--- Material for this task Enclosed Below ---

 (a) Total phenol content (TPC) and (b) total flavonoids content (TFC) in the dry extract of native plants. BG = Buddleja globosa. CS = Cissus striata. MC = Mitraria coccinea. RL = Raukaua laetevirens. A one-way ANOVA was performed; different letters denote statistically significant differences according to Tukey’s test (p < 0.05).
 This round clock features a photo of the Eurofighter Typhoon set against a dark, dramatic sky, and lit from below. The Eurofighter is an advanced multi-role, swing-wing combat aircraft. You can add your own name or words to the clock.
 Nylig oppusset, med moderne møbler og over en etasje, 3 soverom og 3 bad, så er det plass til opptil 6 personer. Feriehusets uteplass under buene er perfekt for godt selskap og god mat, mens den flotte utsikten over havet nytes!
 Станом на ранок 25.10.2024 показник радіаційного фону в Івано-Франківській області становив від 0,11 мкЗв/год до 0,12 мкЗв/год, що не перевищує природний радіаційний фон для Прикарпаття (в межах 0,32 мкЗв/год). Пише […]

--- End of Enclosed Material for this task ---
--- Material for this task Enclosed Below ---

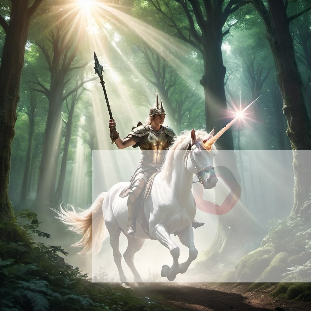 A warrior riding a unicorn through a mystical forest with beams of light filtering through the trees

--- End of Enclosed Material for this task ---
--- Material for this task Enclosed Below ---

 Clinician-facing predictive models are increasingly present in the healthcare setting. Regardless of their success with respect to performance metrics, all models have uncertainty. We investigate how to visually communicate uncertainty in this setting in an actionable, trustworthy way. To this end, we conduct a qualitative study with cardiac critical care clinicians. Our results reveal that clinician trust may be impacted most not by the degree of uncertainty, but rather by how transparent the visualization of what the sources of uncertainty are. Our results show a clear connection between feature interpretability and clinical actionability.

--- End of Enclosed Material for this task ---

## Brief
Transcribe each line of the data above, unaltered, from the one where "(a) Total phenol" appears to the one where "Nylig oppusset, med" appears, inclusive of both.

## Problem solution
 (a) Total phenol content (TPC) and (b) total flavonoids content (TFC) in the dry extract of native plants. BG = Buddleja globosa. CS = Cissus striata. MC = Mitraria coccinea. RL = Raukaua laetevirens. A one-way ANOVA was performed; different letters denote statistically significant differences according to Tukey’s test (p < 0.05).
 This round clock features a photo of the Eurofighter Typhoon set against a dark, dramatic sky, and lit from below. The Eurofighter is an advanced multi-role, swing-wing combat aircraft. You can add your own name or words to the clock.
 Nylig oppusset, med moderne møbler og over en etasje, 3 soverom og 3 bad, så er det plass til opptil 6 personer. Feriehusets uteplass under buene er perfekt for godt selskap og god mat, mens den flotte utsikten over havet nytes!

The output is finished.